**Try it:**
Skip any image you find and restate the rest of the data word for word.

**The data:**
┌──
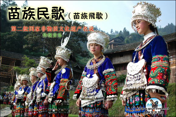 雷山苗族飞歌苗语叫hxak yat,在苗族歌海中,苗族飞歌被专家学者称之为苗歌中瑰丽的钻石,歌曲艺术的精品。它以音调明快、高亢嘹亮、豪迈奔放、悠扬婉转的曲调和动听旋律著称,它具有强烈的感染力。飞歌唱起来声振山谷,山唱谷应,翻山越岭,几里外都能听到,其名由此而得。常唱飞歌的场合是:迎宾送客的时候;劝客人喝酒的时候;互能通婚的青年男女在山坡上见面的时候以及人
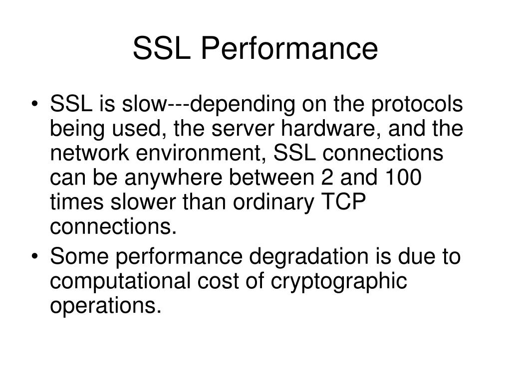 SSL Performance • SSL is slow---depending on the protocols being used, the server hardware, and the network environment, SSL connections can be anywhere between 2 and 100 times slower than ordinary TCP connections. • Some performance degradation is due to computational cost of cryptographic operations.
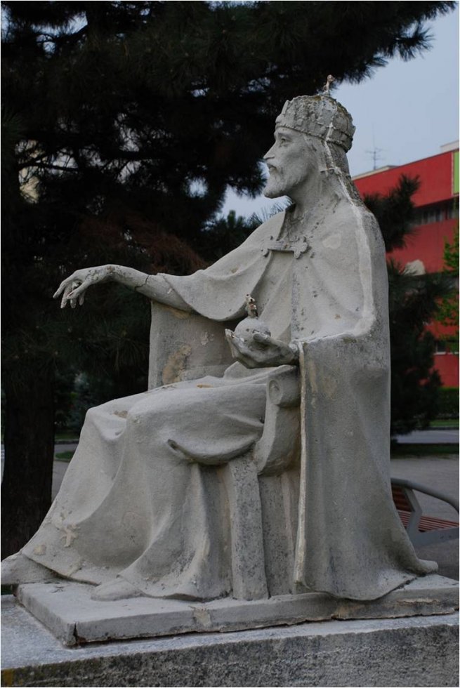 V parčíku pred Mestským kultúrnym strediskom stráži nedotknuteľnosť kultúrneho stánku socha sv. Štefana s mečom v ruke
└──
**Answer for this exercise:**
 雷山苗族飞歌苗语叫hxak yat,在苗族歌海中,苗族飞歌被专家学者称之为苗歌中瑰丽的钻石,歌曲艺术的精品。它以音调明快、高亢嘹亮、豪迈奔放、悠扬婉转的曲调和动听旋律著称,它具有强烈的感染力。飞歌唱起来声振山谷,山唱谷应,翻山越岭,几里外都能听到,其名由此而得。常唱飞歌的场合是:迎宾送客的时候;劝客人喝酒的时候;互能通婚的青年男女在山坡上见面的时候以及人
 SSL Performance • SSL is slow---depending on the protocols being used, the server hardware, and the network environment, SSL connections can be anywhere between 2 and 100 times slower than ordinary TCP connections. • Some performance degradation is due to computational cost of cryptographic operations.
 V parčíku pred Mestským kultúrnym strediskom stráži nedotknuteľnosť kultúrneho stánku socha sv. Štefana s mečom v ruke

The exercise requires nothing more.